-
Bug
-
Resolution: Done
-
Major
-
3.2.0.GA
-
False
-
None
-
False
-
Release Notes
-
-
Bug Fix
-
Done
Synced from Eclipse Che issue
https://github.com/eclipse/che/issues/21603
Describe the bug
When starting, the Che Operator checks to see if the DevWorkspace Operator is installed by searching for a ClusterServiceVersion for it. However, this check is performed only against the openshift-operators namespace (see const).
The way OLM works is that CSVs are copied to all namespaces from the namespace in which the operator is installed. This could mean that the check in Che Operator is performed before this copying is completed, e.g. if the DevWorkspace Operator is updated.

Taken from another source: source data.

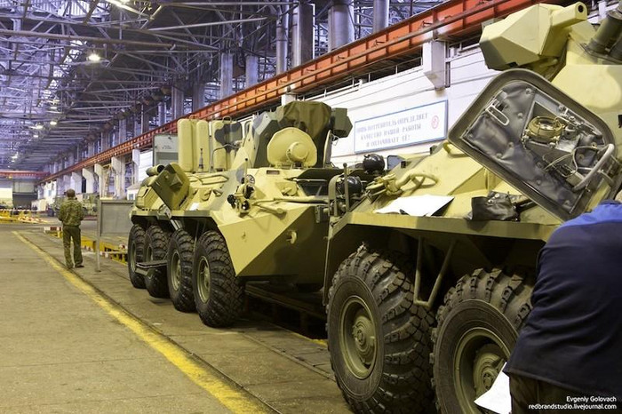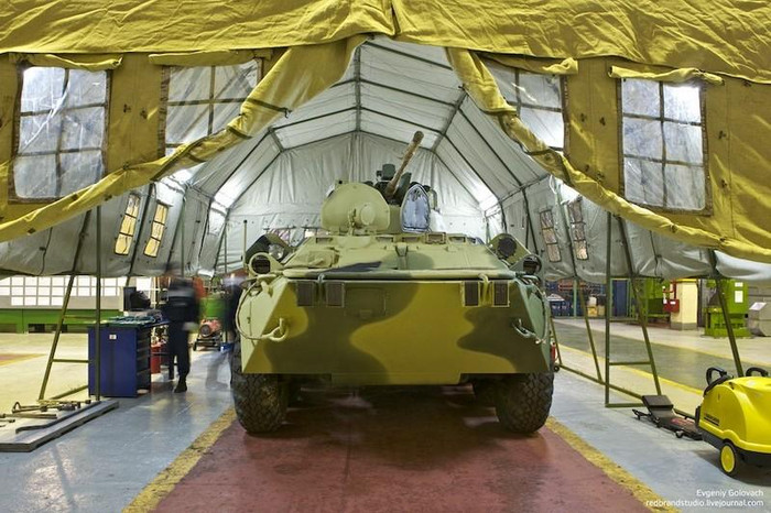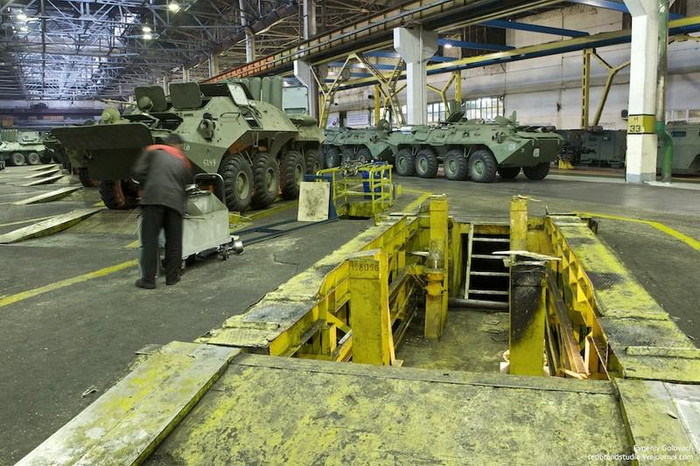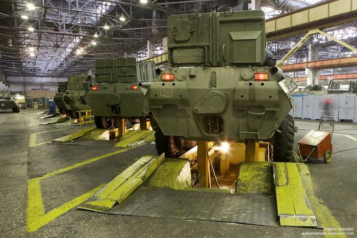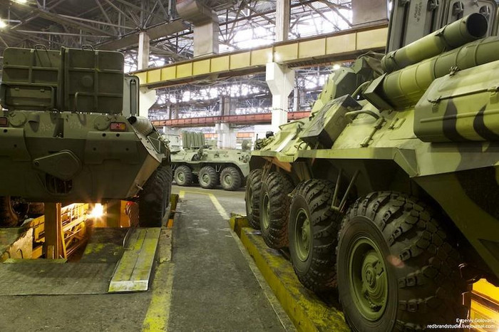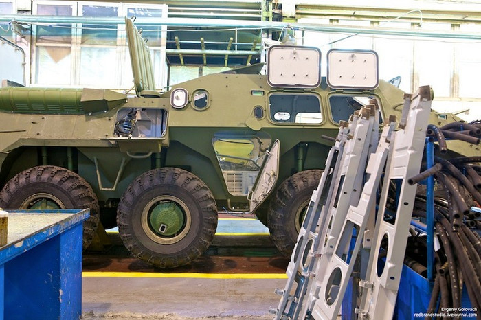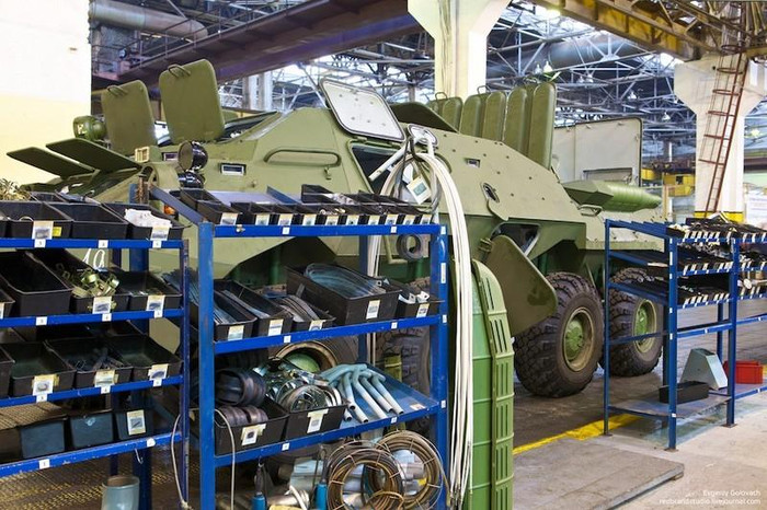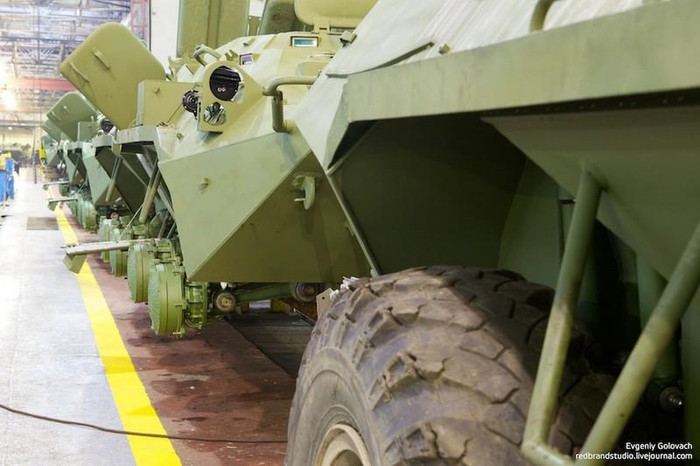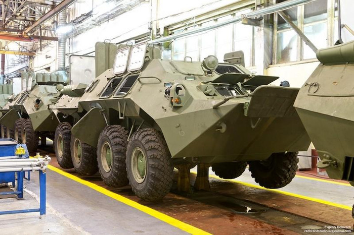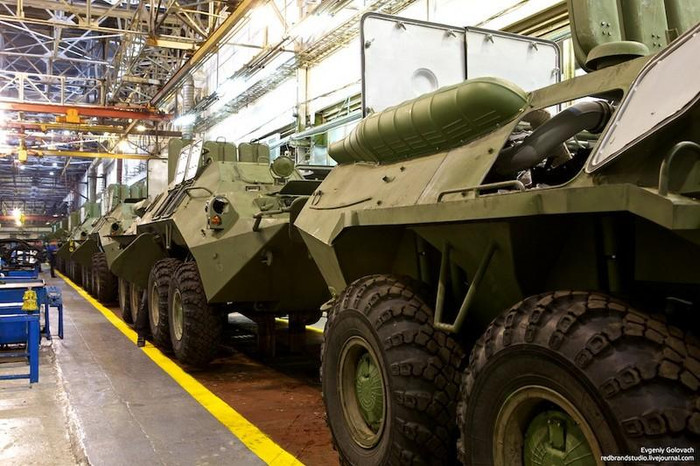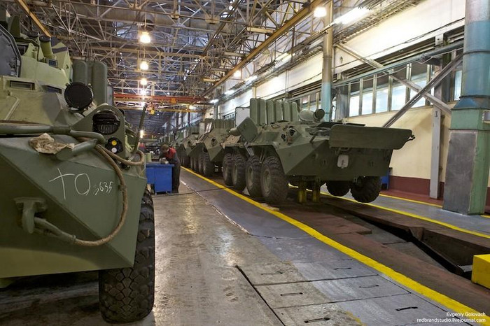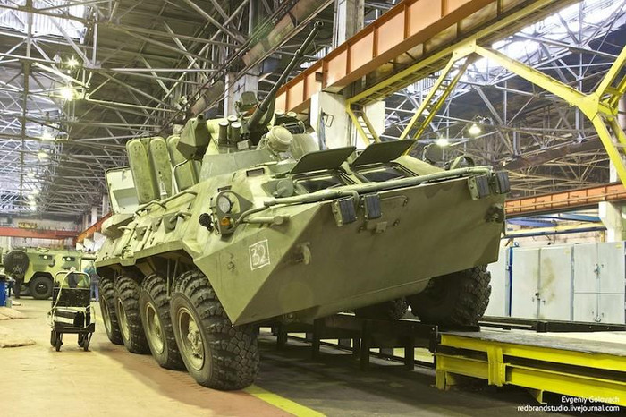 (GDVN) - Cận cảnh qui trình lắp ráp và thử nghiệm xe bọc thép bên trong nhà máy Arzamas của Nga. Hàng loạt các chiến xa bọc thép BTR-80A, BTR-80... được lắp ráp, thử nghiệm với qui trình nghiêm ngặt. Với dây truyền sản xuất hiện đại và liên tục được vận hành bởi 3 kíp mỗi ngày, nhà máy có thể hoàn thành chế tạo với tốc độ từ 3 - 5 chiếc xe bọc thép chỉ trong thời gian 24 giờ.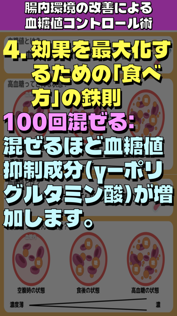 - 100回混ぜる: 混ぜるほど血糖値抑制成分(γ-ポリグルタミン酸)が増加します。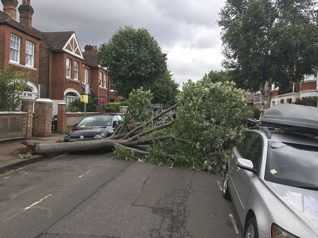 A fallen tree on Clarendon Drive in Putney has caused some traffic jams in the local area this Wednesday morning. The tree appears to have narrowly avoided nearby parked cars and there are no reports of anyone being injured. Wandsworth parks department were notified of the fall and came that afternoon to remove the tree. As a result of inspections two further trees were removed. It is not known at this stage whether they will be replaced. The immediate cause of the tree falling is not know - there was some wind in Putney around the time but speeds didn't rise much above 10mph according to the Met Office. Traffic problems had already occurred in the Putney area the same morning due to a collision on the Upper Richmond Road near the junction with Putney High Street leading to a diversion up Putney Hill. This road has now re-opened.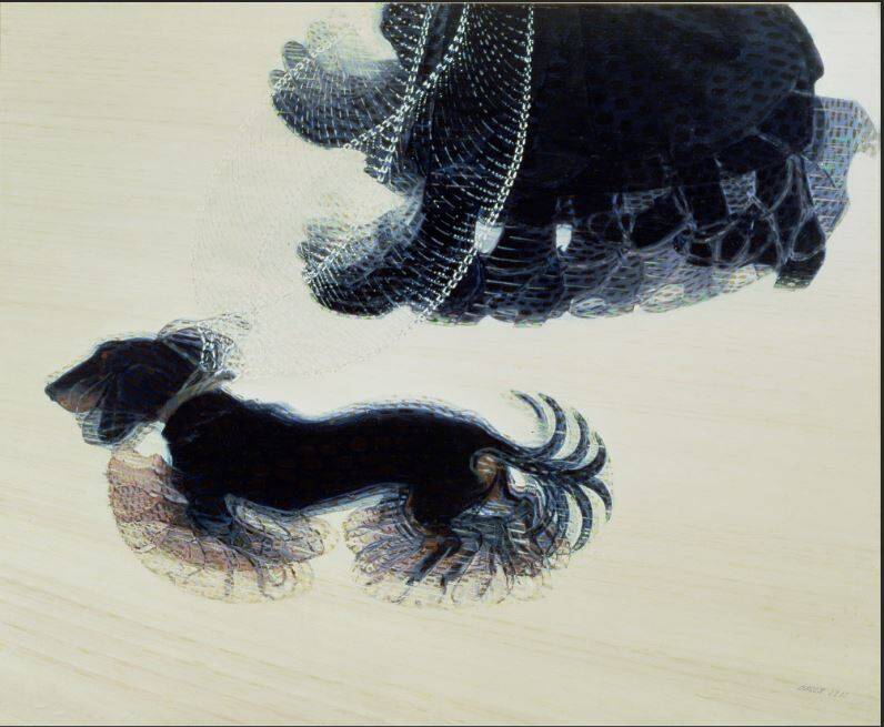 Raffigurando in un'unica immagine il continuo spostamento della testa, delle zampe e della coda del cane, insieme al movimento del guinzaglio, al passo e al fluire dell'abito lungo della padrona. Ecco perché anche se nel quadro vediamo una padrona con tanti piedi, tante catene e un cane con tante teste, piedi e code ci appare straordinariamente vero, corretto.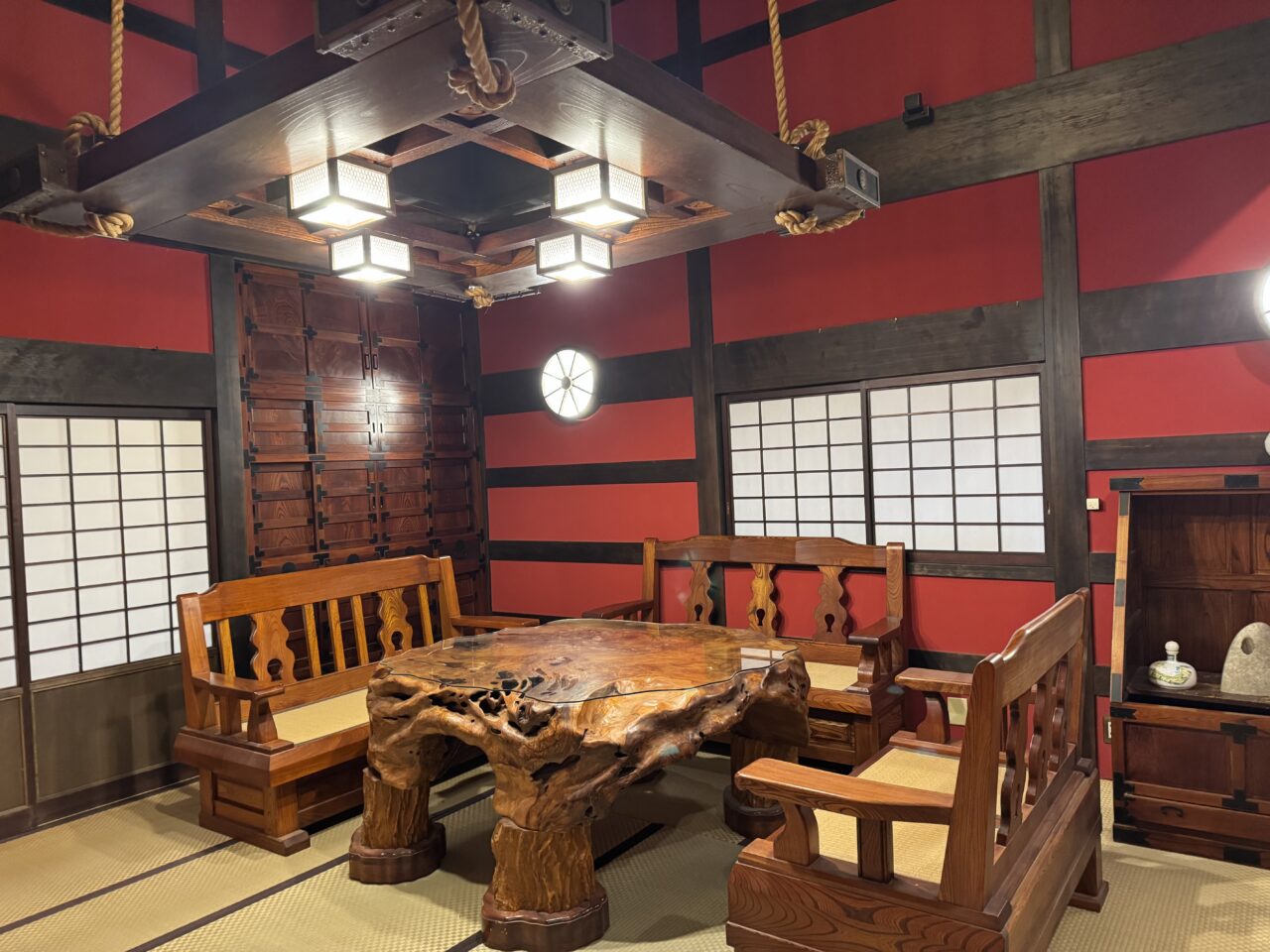 こちらは、お席が満席の時に待つお部屋になります。赤い壁が印象的です。

While I'm not entirely sure, I believe we encountered this case while updating the Che Operator and DevWorkspace Operator in a cluster we manage -- both operators are installed in a custom namespace (i.e. not openshift-operators) and we found that the Che Operator attempted to deploy the DevWorkspace Operator to the devworkspace-controller namespace. Since only one instance of DWO can run in a cluster at any time, this caused a crashloop in the second deployment and interfered with webhook certificates for DWO.
Che version
next (development version)
Steps to reproduce
Not consistent reproducer, but my intuition is something like
- Install DevWorkspace Operator via OLM with manual updates to namespace test-namespace, one version before the latest (e.g. v0.15.1) so that an update is available (e.g. v0.15.2)
- Install Che Operator to test-namespace
- Trigger DevWorkspace Operator upgrade while Che Operator pod is starting
but I'm not entirely sure how OLM manages creation/update of CSVs so this may not work.
Expected behavior
We should do three things:
- (simple) Instead of hard-coding the CSV check to openshift-operators, the Che Operator should check its current installed namespace for the DWO CSV. For most cases, this would be openshift-operators anyways, but when Che Operator is installed in an alternate namespace we'd expect DWO to be installed there as well.
- (more complex) Improve the check to be more robust and avoid false-negatives
- Add a configuration option to the CheCluster to disable automatically installing DevWorkspace Operator for clusters where the admin is sure DWO is installed.
- When installing DWO in cases where it is necessary, the Che Operator should not create CRDs if they already exist, as this can overwrite the certificate used for conversion webhooks and leave CRDs in a broken state.
Runtime
OpenShift
Screenshots
No response
Installation method
OperatorHub
Environment
Dev Sandbox (workspaces.openshift.com)
Eclipse Che Logs
No response
Additional context
Code that checks if DWO is installed: https://github.com/eclipse-che/che-operator/blob/bd588312a27f3b82402b7bb8644373206f9f27f9/pkg/deploy/dev-workspace/dev_workspace_utils.go#L39-L50
Release Notes Text
On OpenShift the DevWorkspace Operator is managed by OLM as a Eclipse Che dependency. As a consequence Eclipse Che Operator should not manage the DevWorkspace Operator when it's installed on OpenShift. But that was not the case and it has been fixed.